It had been a busy few hours for NBA commissioner Adam Silver. Tuesday night he had presented the Golden State Warriors the Larry O'Brien trophy after their series-deciding victory in Cleveland. Wednesday morning he was at The Courts at Mayo Square, the  new 107,000-square-foot Taj Mahal-like practice facility for the Timberwolves and Lynx. The grand opening was attended by Silver, WNBA president Laurel Richie, Wolves and Lynx owner Glen Taylor and Mayo CEO Dr. John Noseworthy.

Afterward, Silver called the facility — which he said was the most impressive he had seen — a catalyst for better things to come for a Wolves franchise that hasn’t seen the playoffs since 2004, but is set to pick first in next week’s draft.

“No doubt it’s a catalyst,” he said. “Of course you need the players. So they have a strong roster already,” Silver said, “which is going to be complemented by the first pick. But, part and parcel with modern sports, you need facilities like these.”

To Silver, the facility is the “icing on the cake” for the Wolves. “I think, no doubt, the best years are ahead for this franchise.”

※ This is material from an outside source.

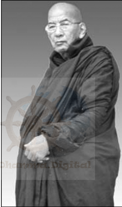
जन्म: वि.सं. १९७८ आश्विन शुक्ल एकादशी दिवंगत : वि.सं. २०६८ आश्विन ७ गते शनिवार

थियो । तत्कालीन श्री ३ जुद्ध शम्शेर महाराजले वि.सं. २००१ श्रावण १५ गतेका दिन आठजना नेपाली भिक्षु-श्रामणेरहरूलाई स्वदेशबाट निकाला गरेको कलंकित इतिहास जीवित नै छ । क्रूरतम अमानवीय देश निकालाको त्यो कालो दिवसले बुद्धधर्म र नेपालभाषा-भाषेलीहरूमा भन्नु उर्जा प्रदान गरेभै भयो । त्यसका विरुद्ध विभिन्न अभियानकै लागि वि.सं. २००१ कार्तिक १५ गतेका दिन सारनाथमा “धर्मोदय सभा”को गठन हुन्छ ।
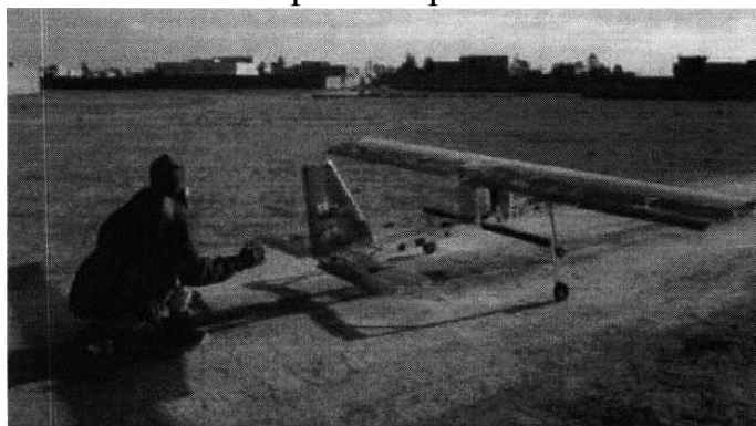
Рис. № 4 - малогабаритный летательный аппарат.

БВС-камикадзе является весьма специфичным классом беспилотной техники, информация о котором чаще всего носит секретный характер. Такой дрон представляет собой малогабаритный летательный аппарат (рис. № 4), способный нести несколько килограмм взрывчатки.

Here is what Silver had to say on other league — and Wolves-related topics:

• On the possibility of the Wolves getting an All-Star game once Target Center is renovated: “They haven’t applied yet, but I’d love to come back here,” he said. “Early on in my career I was here for an All-Star Game [in 1994] and I’ve love to come back here.” To which Flip Saunders, Wolves president of basketball operations, pledged to make that application as soon as Target Center was done. But he also wondered aloud whether the new Vikings stadium wouldn’t be an ideal place to hold it.

• On the state of facilities in the NBA: “In some ways, it’s a bit of an arms race, but what I think our franchises are seeing is that, in this day and age, it’s absolutely necessary to have a state-of-the-art arena along with a state-of-the-art practice facility.”

Silver also said he is intrigued with the team’s affiliation with the Mayo Clinic.

• On Kevin Garnett perhaps someday getting into Wolves ownership: “Of course he can’t discuss that while he’s still a player. … But I think now we’re about to approve an Atlanta Hawks ownership group that includes Grant Hill. We have David Robinson in San Antonio. And you have Michael Jordan as the majority owner of the Charlotte Hornets. We love to see former players coming into ownership, and I would welcome, with open arms, Kevin Garnett becoming an owner one day as well.’’

• On Taylor, who considered selling the Wolves not long ago: “He ultimately decided, in discussion with me and others, that his true passion was these teams. He loved being involved in them, and I know he’d love to see championship success, not just as he’s had with the Lynx, but with the Timberwolves as well.”

• On the state of the game, Silver reiterated his belief that keeping players healthy is so important that he is looking at ways — including adjusting the schedule — to make it easier on players.

He said, again, that he’d like to see the minimum age in the league raised from 19 to 20, and that would be on the agenda when negotiations for a new collective bargaining agreement began. And when will that be? The NBA Players association has indicated it will opt out of the current deal after the 2016-17 season. Silver said that, given that reality, he hoped talks would begin soon.